Michelangelo’s friend and biographer, Giorgio Vasari, himself a professional artist, tells how the master carved his figures.
He says Michelangelo laid his model into a little box like a coffin. He filled the box with water until the figure was submerged. Then he slowly let the water run out of the box or dipped some out. The first parts of the figure to emerge from the water like islands were the parts Michelangelo had to cut out first on his stone block. Of a face, for example, he would first do the nose, then the chin, then the lips, the brows, the eye-lids, and so on.
Now this is a fine way to illustrate the carving of a figure but as a working technique it has real drawbacks. Was it really Michelangelo’s working procedure or only a practical example—an illustration for Vasari´s general reader—of how a statue is cut out of the stone? What’s wrong with it?
One, the actual measuring of the depth of each figure as it comes out of the water seems very complicated and inexact.

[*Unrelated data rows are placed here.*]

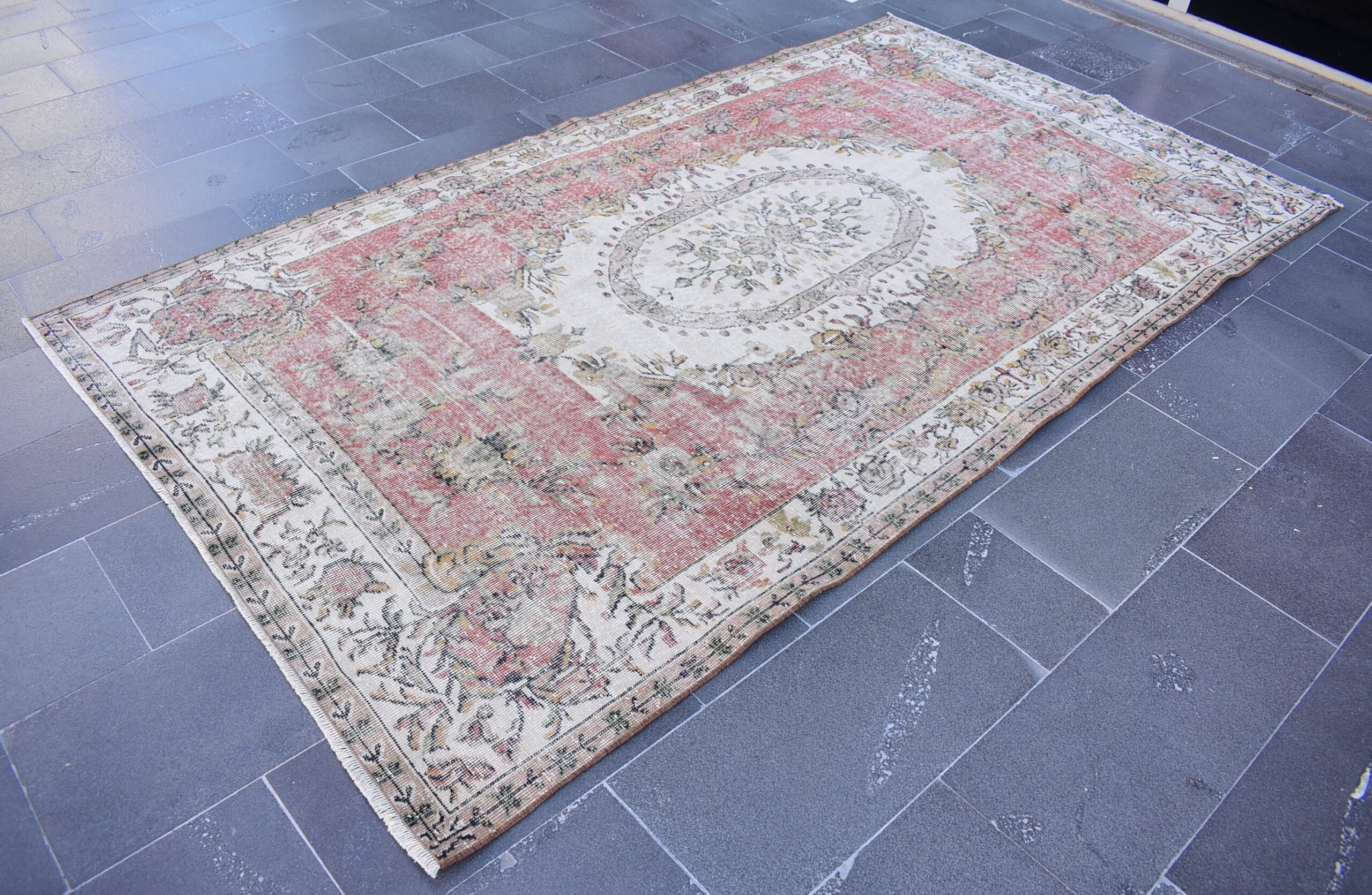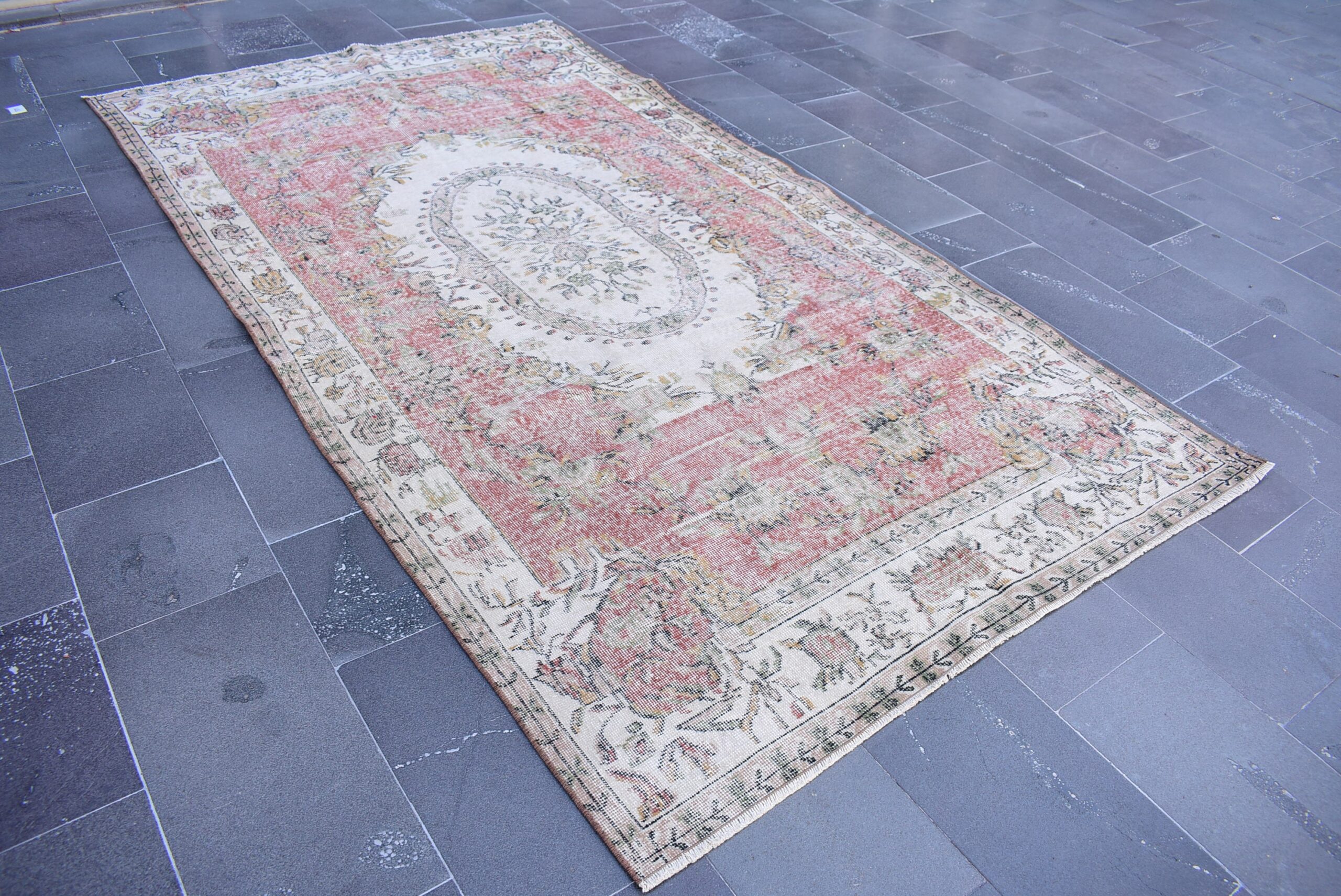 Pretty and one-of-a-kind 5.2 ft. x 9.6 ft. (160 cm x 294 cm) vintage Turkish rug hand-knotted in Turkey from organic wool. This is an authentic vintage Turkish rug from the 1980s that has worn splendidly to perfection.
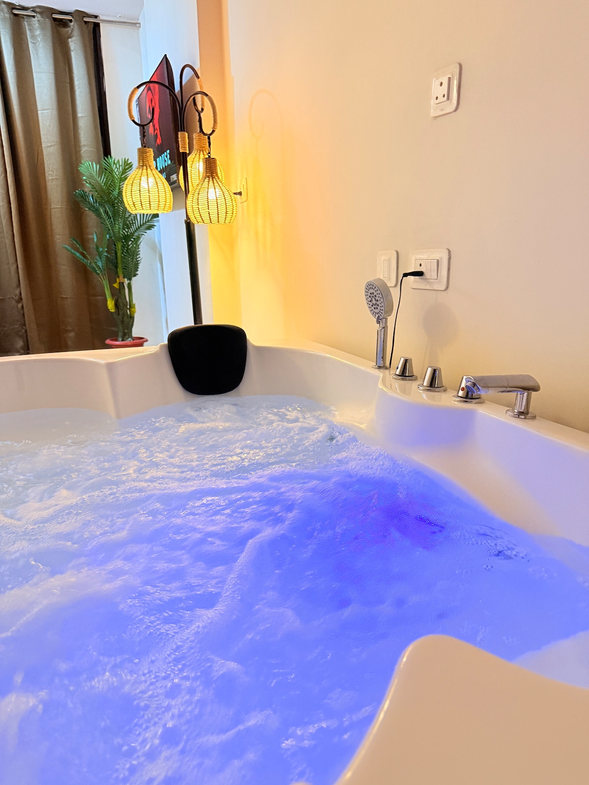 Relax, recharge, and indulge in luxury at this beautifully designed studio with PRIVATE JACUZZI, located just walking distance from Jaipur Main Railway Station. This fully equipped studio is Perfect for couples, solo travelers, and business guests seeking comfort, privacy, and style in the heart of the city. Private Jacuzzi • Curtain Bed • Private Full Kitchen • Private Balcony
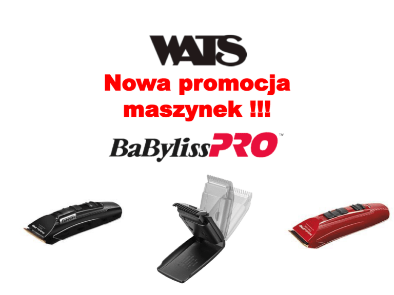 Nowa promocja maszynek !!! Promocyjny zestaw 2 maszynek super maszynka Volare z silnikiem Ferrari + profesjonalny trymer podróżny Babyliss Pro FX 37E - gratis !!! Super maszynka Volare X2 z silnikiem Ferrari w cenie 799,00 zł brutto + trymer FX 37E o wartości 149,00 zł brutto GRATIS !!! Maszynka profesjonalna Volare X2 Ferrari Challenge • profesjonalna maszynka przewodowo–bezprzewodowa z silnikiem Ferrari • akumulator litowo–polimerowy • 4–stopniowy, diodowy wskaźnik naładowania • pełne naładowanie w 3 godziny • 8 nakładek dystansowych • regulacja wysokości strzyżenia 0,8÷2,0 mm • czas pracy bez ładowania do 3 godzin • 6.300 ruchów ostrza na minutę • ergonomiczny kształt Cena 799 zł * FX 811 E (czarna) * FX 811 RE (czerwona) Maszynka podróżna - trymer FX 37E Przeznaczona do precyzyjnego przycinania włosów przy skórze głowy, na szyi oraz zarostu i baczków • • • • • • • włącza się samoczynnie po otwarciu wytrzymałe ostrze ze stali nierdzewnej wykonane w technologii MIM (Metal Injection Molding) tytanowa obudowa ściągana nakładka, regulowany grzebień silniczek na baterię AAA (2szt.) ergonomiczny kształt w opakowaniu: 2 baterie AAA, pędzelek do czyszczenia, olejek do konserwacji Cena 149 zł Dystrybutor: WATS Sp. z o.o. Mysłowice ul. Obrzeżna Płn. 15 C Tel. (32) 222 60 57; (32) 223 42 42 www.wats.pl
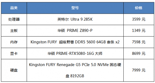 英特尔 酷睿UltraUltra 9 285K处理器是目前旗舰级处理器的代表,拥有8大核16小核24线程,大核频率3.7-5.7GHz,小核频率3.2-4.6GHz,二级缓存40MB,三级缓存36MB。主板选择了华硕 PRIME Z890-P,这款主板采用14+1+2+1供电模组,四条内存插槽支持最大192GB DDR5内存,4组M.2插槽,其中1组还支持PCIe 5.0x4模式,在规格上提供了无限可能!
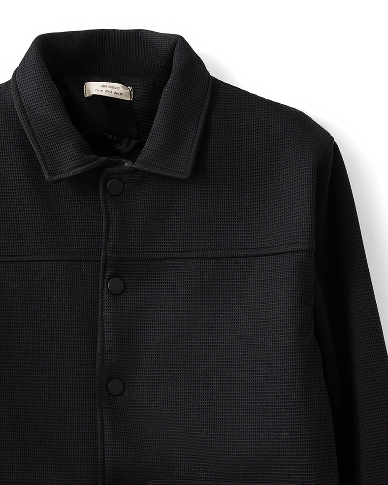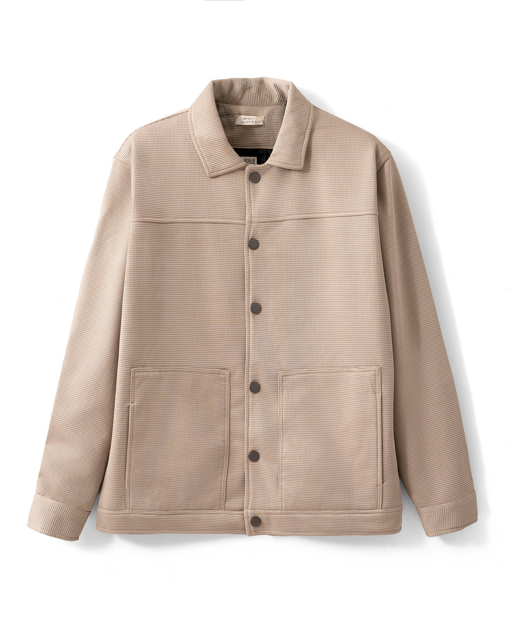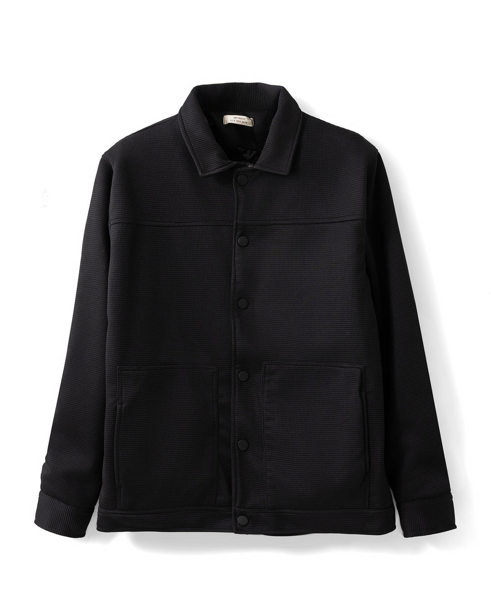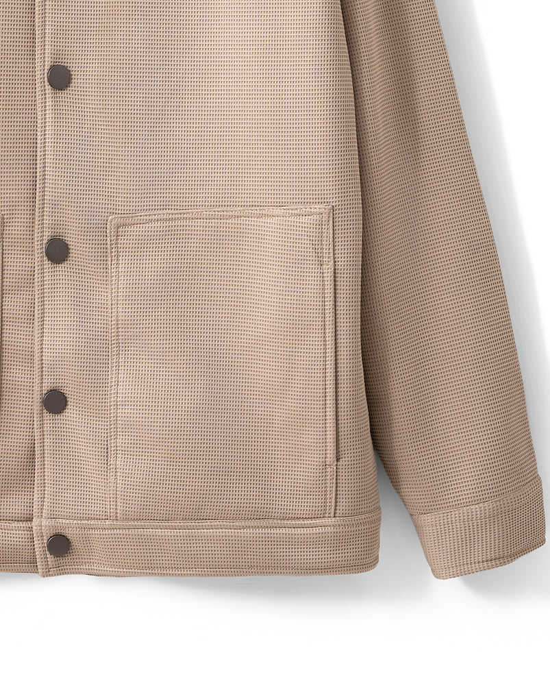 A textured jacket crafted from a soft woven fabric, designed with a relaxed fit and clean utility details. Finished with front snap buttons and spacious pockets for everyday wear.

You could color the water to make a greater contrast with the figure but the water-line might not always be easy to determine where the prominences are vaguer, such as the gentle hills of a torso. Water surface tension would also cause you trouble. The water would cling to the sides of the emerging bulge and register higher up than it should.
Another drawback would be the model. To make accurate measurements you would have to use a finished or far-along model. Even if it were substantially smaller than your projected marble statue, its modelling would take a long time and this would mean that the actual creation goes on not in the marble but in the clay.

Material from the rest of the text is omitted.